Retrospective cohort study.
Data were collected from a large tertiary care public hospital ICU that is part of the largest public healthcare network in the United States.
One-hundred thirty-seven adult (≥ 18 yr old) ICU patients admitted between March 10, 2020, and April 7, 2020, with follow-up collected through May 18, 2020.
None.
Demographic, clinical, laboratory, treatment, and outcome data extracted from electronic medical records.
The majority of patients were male (99/137; 72.3%) and older than 50 years old (108/137; 78.9%). The most reported ethnicity and race were Hispanic (61/137; 44.5%) and Black (23/137; 16.7%). One-hundred six of 137 patients had at least one comorbidity (77.4%). One-hundred twenty-one of 137 (78.1%) required mechanical ventilation of whom 30 (24.8%) moved to tracheostomy and 46 of 137 (33.6%) required new onset renaients. We also describe how a public hospital developed innovative approaches to safely manage a large volume of interhospital transfers and admitted patients.The ICU Liberation (ABCDEF) Bundle can help to improve care and outcomes for ICU patients, but bundle implementation is far from universal. Understanding how ICU organizational characteristics influence bundle implementation could inform quality improvement efforts. We surveyed all hospitals in Michigan with adult ICUs to determine whether organizational characteristics were associated with bundle implementation and to determine the level of agreement between ICU physician and nurse leaders around ICU organizational characteristics and bundle implementation.

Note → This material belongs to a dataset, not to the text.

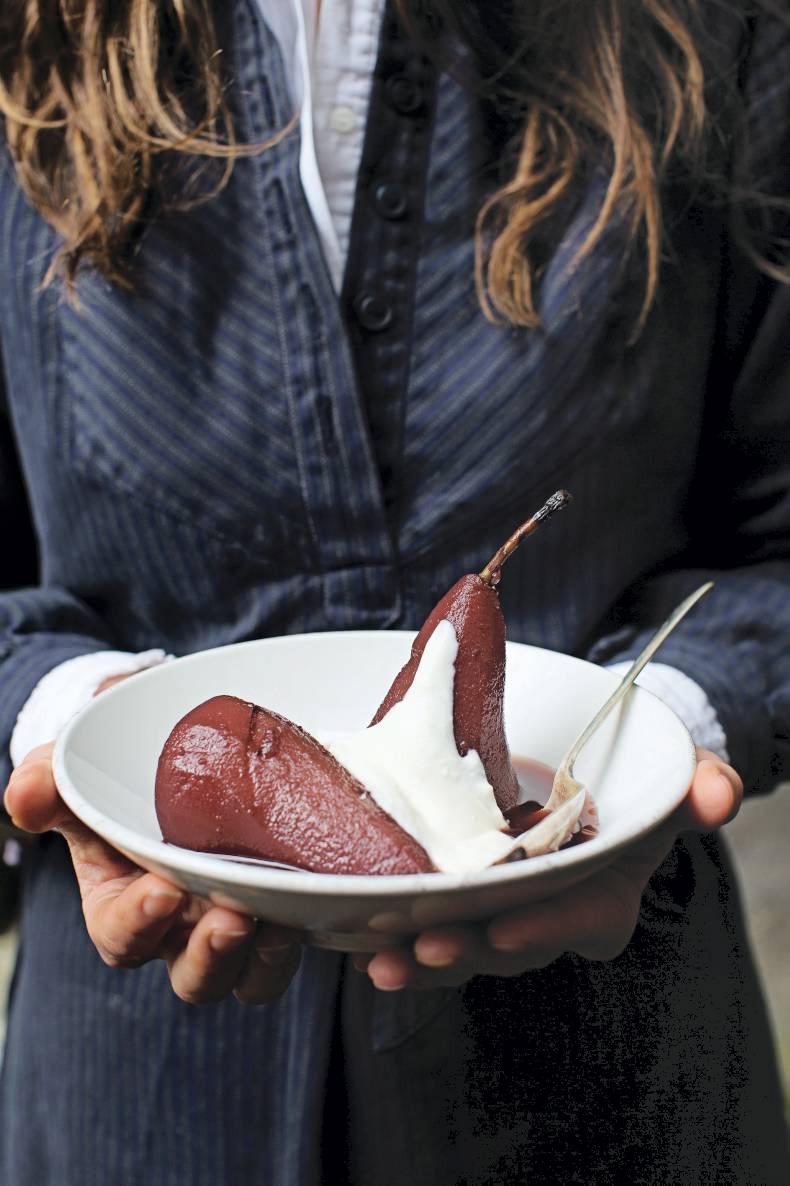 3 Chill in the fridge for a few days or serve the pears straight away on individual plates, drizzled with the licky-sticky poaching liquid. (You could cut large pears in half to serve eight.) A dollop of coconut milk yoghurt takes the dish up an octave.
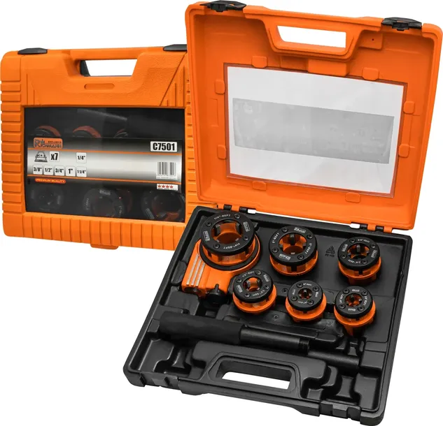 - Pozwala na łatwe i precyzyjne gwintowanie rur o średnicach: 1/4" (6.3 mm), 3/8" (9.5 mm), 1/2" (12.7 mm), 3/4" (19.0 mm), 1" (25.0 mm), 1-1/4" (32.0 mm).

We surveyed ICU physician and nurse leaders, assessing their safety culture, ICU team collaboration, and work environment. Using logistic and linear regression models, we compared these organizational characteristics to bundle element implementation, and also compared physician and nurse leaders' perceptions about organizational characteristics and bundle implementation.
All (
= 72) acute care hospitals with adult ICUs in Michigan.
ICU physician anrove bundle implementation and performance.
We identified several specific ICU practices that can facilitate ABCDEF Bundle implementation. S3I-201 in vivo Our results can be used to develop effective bundle implementation strategies that leverage safety culture, interprofessional collaboration, and routine checklist use in ICUs to improve bundle implementation and performance.